> _Action item_
From the line containing "- Sauge das" to the final line of the entries, copy each line exactly. Pictures stay out.

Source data
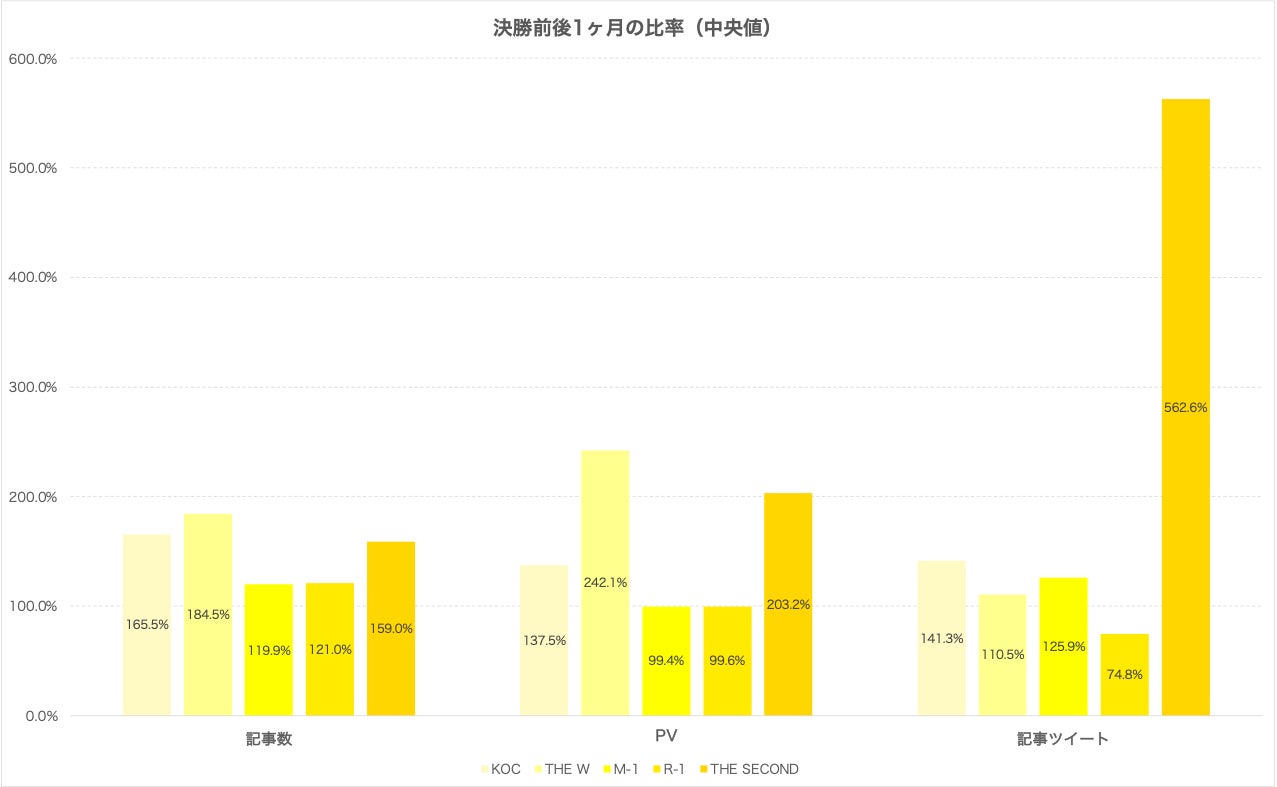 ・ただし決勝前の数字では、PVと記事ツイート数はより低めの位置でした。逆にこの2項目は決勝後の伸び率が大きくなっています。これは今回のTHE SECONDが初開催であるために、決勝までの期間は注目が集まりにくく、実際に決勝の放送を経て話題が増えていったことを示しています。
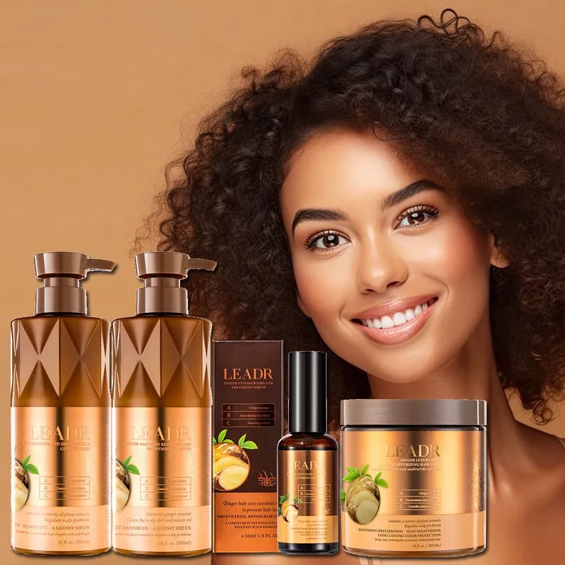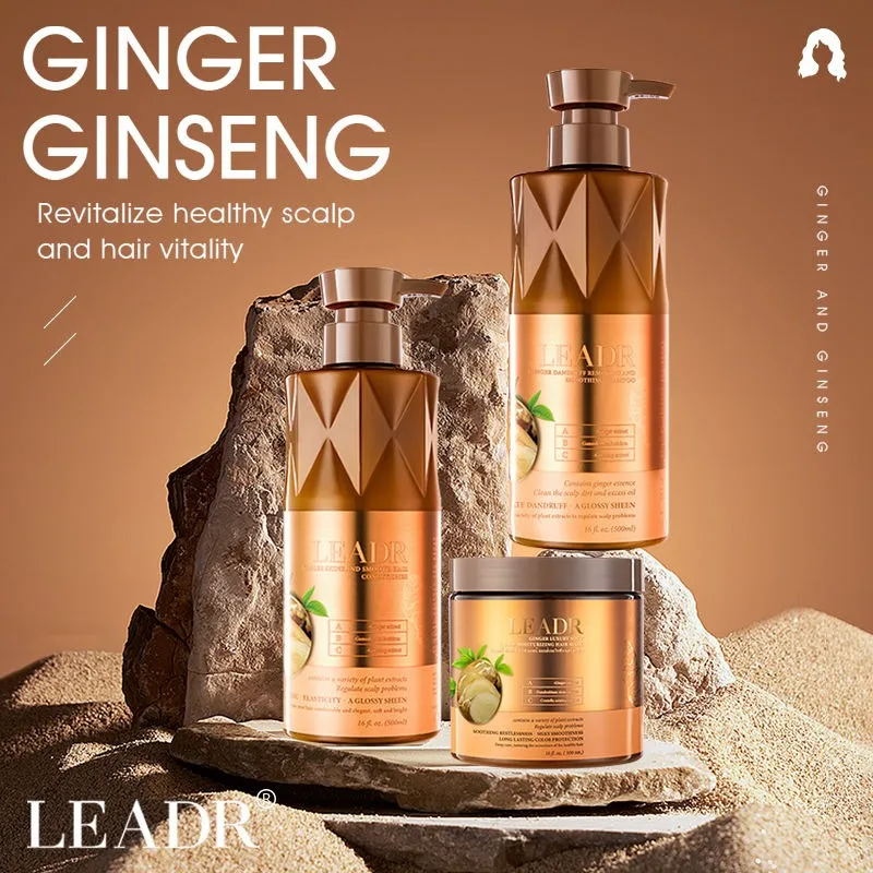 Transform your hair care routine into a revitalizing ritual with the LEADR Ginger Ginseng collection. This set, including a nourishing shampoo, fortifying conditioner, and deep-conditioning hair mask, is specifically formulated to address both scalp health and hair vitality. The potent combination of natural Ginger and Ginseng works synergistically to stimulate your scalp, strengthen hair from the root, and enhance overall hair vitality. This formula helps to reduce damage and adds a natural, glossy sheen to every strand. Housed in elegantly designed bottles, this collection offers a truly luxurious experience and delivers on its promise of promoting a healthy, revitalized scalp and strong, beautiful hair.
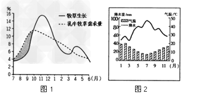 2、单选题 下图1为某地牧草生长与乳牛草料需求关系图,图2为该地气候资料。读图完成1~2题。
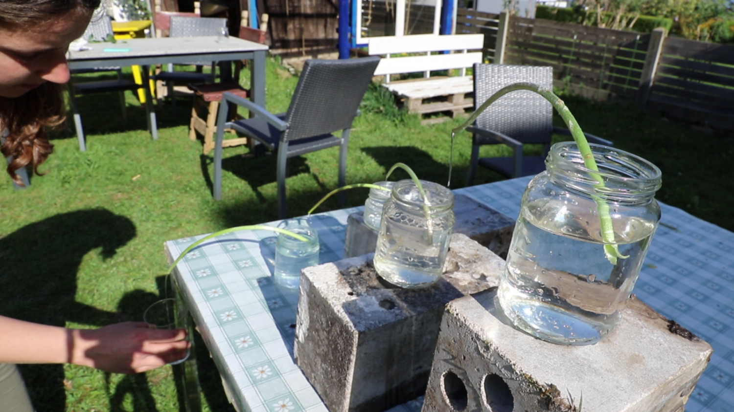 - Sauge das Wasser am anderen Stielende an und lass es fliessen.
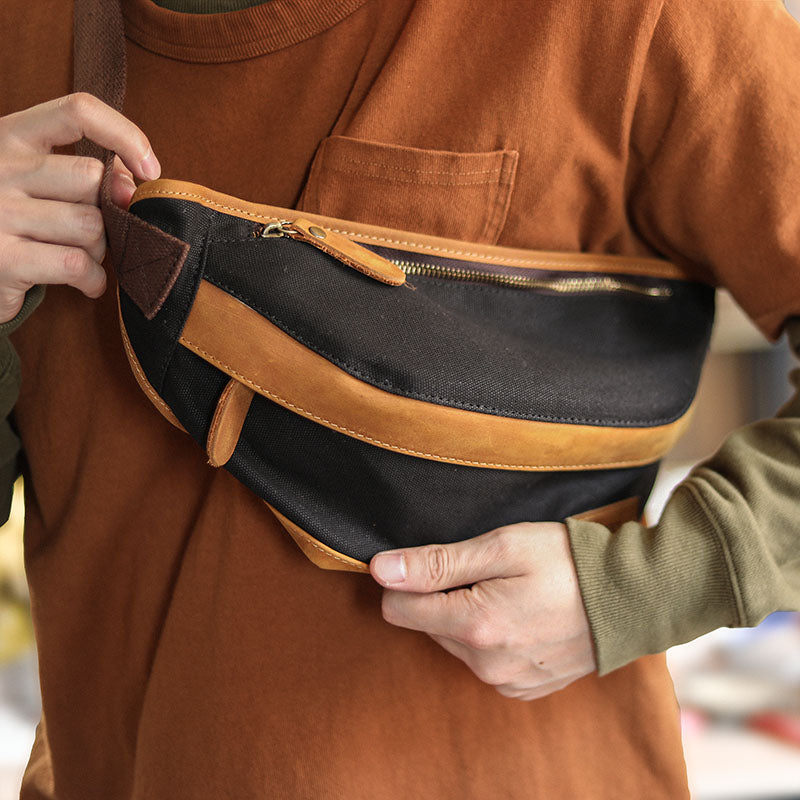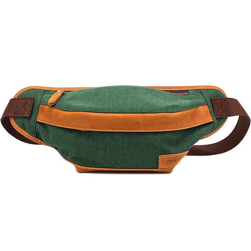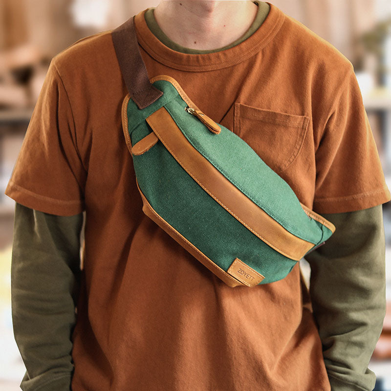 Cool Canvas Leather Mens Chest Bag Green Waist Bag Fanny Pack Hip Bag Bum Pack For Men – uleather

> _Response below_
 - Sauge das Wasser am anderen Stielende an und lass es fliessen.
 Cool Canvas Leather Mens Chest Bag Green Waist Bag Fanny Pack Hip Bag Bum Pack For Men – uleather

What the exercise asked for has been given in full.